What are the lines below, starting at the line containing "Titleist VG3+B" and ending at the line containing "分享到: 【字体:小 大】"? Write them out exactly, ends included, without pictures.

====== Exercise data

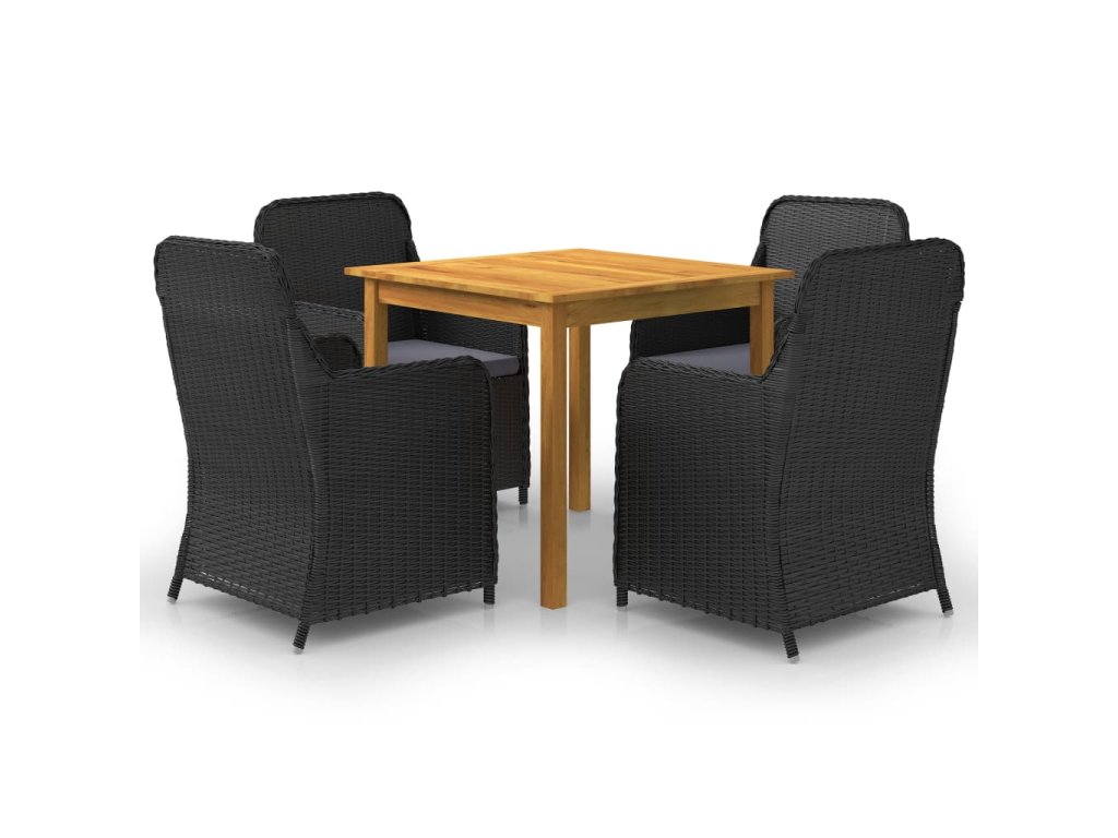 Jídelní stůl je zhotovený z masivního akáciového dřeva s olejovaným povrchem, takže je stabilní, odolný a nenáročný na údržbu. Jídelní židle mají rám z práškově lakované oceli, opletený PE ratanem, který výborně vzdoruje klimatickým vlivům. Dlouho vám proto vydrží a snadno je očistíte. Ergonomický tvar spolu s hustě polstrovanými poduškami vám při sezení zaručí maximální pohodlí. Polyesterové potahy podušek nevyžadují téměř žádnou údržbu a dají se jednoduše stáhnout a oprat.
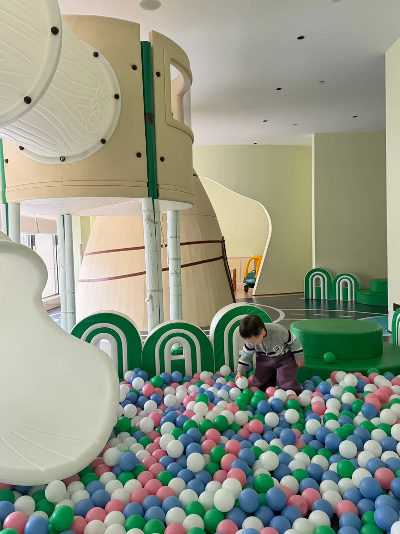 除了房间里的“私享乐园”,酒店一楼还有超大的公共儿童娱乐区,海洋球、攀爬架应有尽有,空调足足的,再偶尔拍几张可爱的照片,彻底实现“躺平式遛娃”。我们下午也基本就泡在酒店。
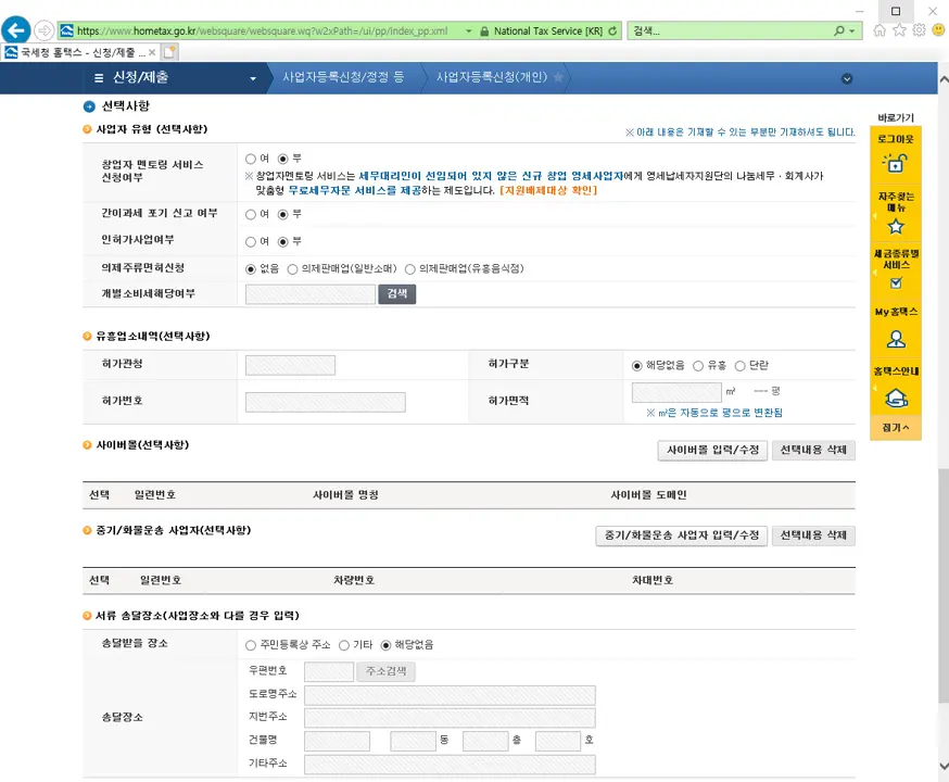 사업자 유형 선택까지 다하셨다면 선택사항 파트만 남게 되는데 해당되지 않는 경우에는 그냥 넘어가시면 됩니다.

============
====== Exercise data

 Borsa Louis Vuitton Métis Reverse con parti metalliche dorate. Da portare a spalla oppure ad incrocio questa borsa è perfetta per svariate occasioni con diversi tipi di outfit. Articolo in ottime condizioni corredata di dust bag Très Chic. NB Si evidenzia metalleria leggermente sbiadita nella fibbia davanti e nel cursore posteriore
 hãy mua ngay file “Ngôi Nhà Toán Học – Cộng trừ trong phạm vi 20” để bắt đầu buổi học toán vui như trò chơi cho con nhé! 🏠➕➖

============
====== Exercise data

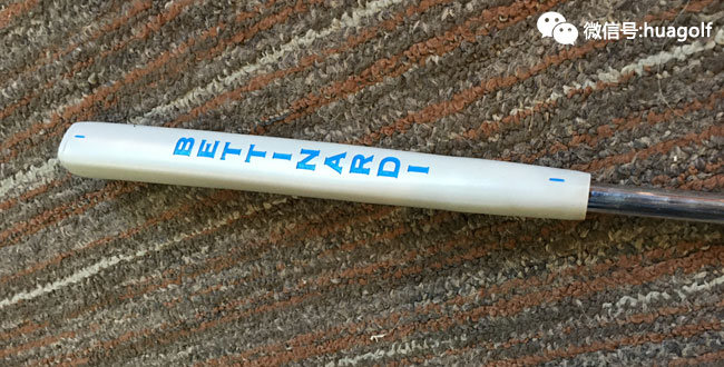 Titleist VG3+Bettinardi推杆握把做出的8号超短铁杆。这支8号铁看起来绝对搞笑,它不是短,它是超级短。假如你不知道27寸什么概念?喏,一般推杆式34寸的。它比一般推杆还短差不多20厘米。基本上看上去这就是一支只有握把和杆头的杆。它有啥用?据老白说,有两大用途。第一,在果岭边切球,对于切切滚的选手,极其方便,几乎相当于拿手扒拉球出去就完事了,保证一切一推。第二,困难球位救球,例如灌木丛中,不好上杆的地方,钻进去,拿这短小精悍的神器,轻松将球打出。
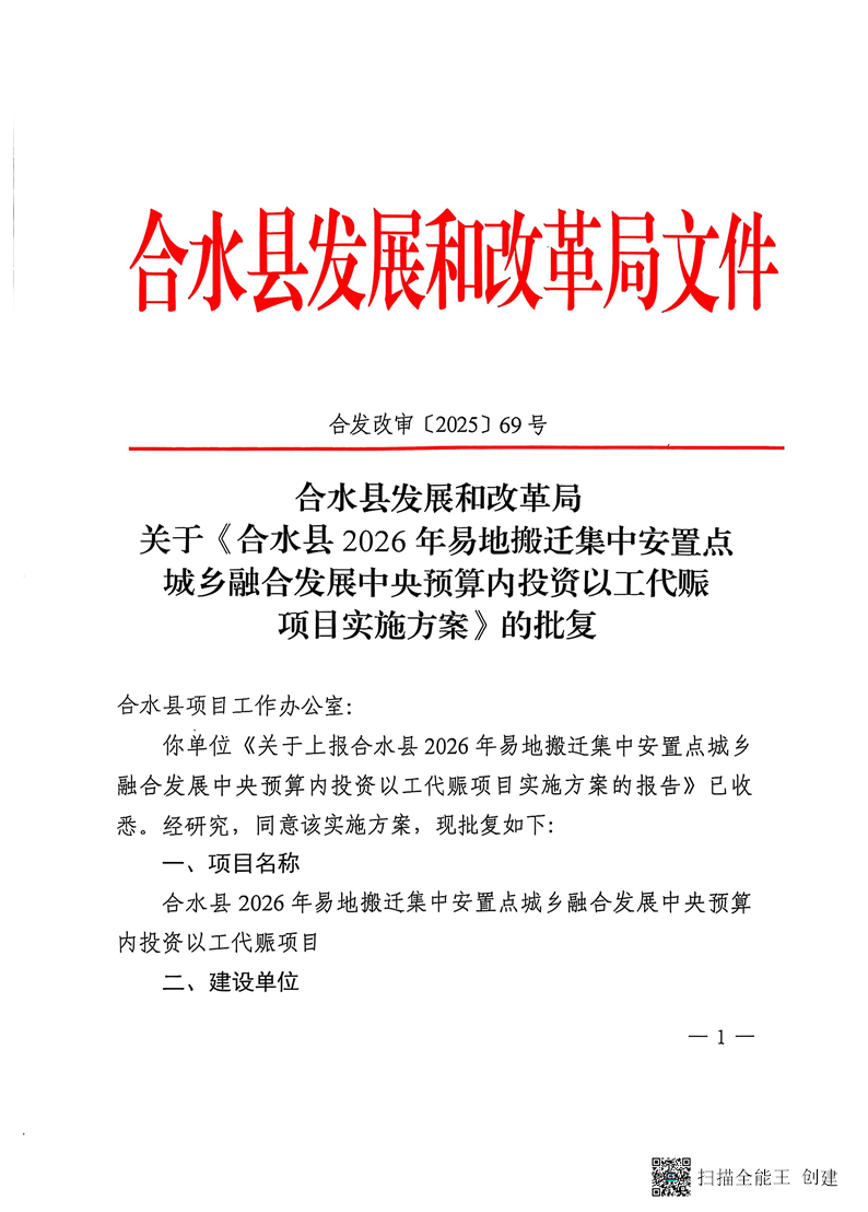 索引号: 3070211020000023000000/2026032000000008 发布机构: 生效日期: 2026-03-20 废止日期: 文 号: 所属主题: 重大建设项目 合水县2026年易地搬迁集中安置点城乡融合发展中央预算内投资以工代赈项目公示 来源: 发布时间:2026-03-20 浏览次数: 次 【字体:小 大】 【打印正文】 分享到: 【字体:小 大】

============

*Answer box*:
 Titleist VG3+Bettinardi推杆握把做出的8号超短铁杆。这支8号铁看起来绝对搞笑,它不是短,它是超级短。假如你不知道27寸什么概念?喏,一般推杆式34寸的。它比一般推杆还短差不多20厘米。基本上看上去这就是一支只有握把和杆头的杆。它有啥用?据老白说,有两大用途。第一,在果岭边切球,对于切切滚的选手,极其方便,几乎相当于拿手扒拉球出去就完事了,保证一切一推。第二,困难球位救球,例如灌木丛中,不好上杆的地方,钻进去,拿这短小精悍的神器,轻松将球打出。
 索引号: 3070211020000023000000/2026032000000008 发布机构: 生效日期: 2026-03-20 废止日期: 文 号: 所属主题: 重大建设项目 合水县2026年易地搬迁集中安置点城乡融合发展中央预算内投资以工代赈项目公示 来源: 发布时间:2026-03-20 浏览次数: 次 【字体:小 大】 【打印正文】 分享到: 【字体:小 大】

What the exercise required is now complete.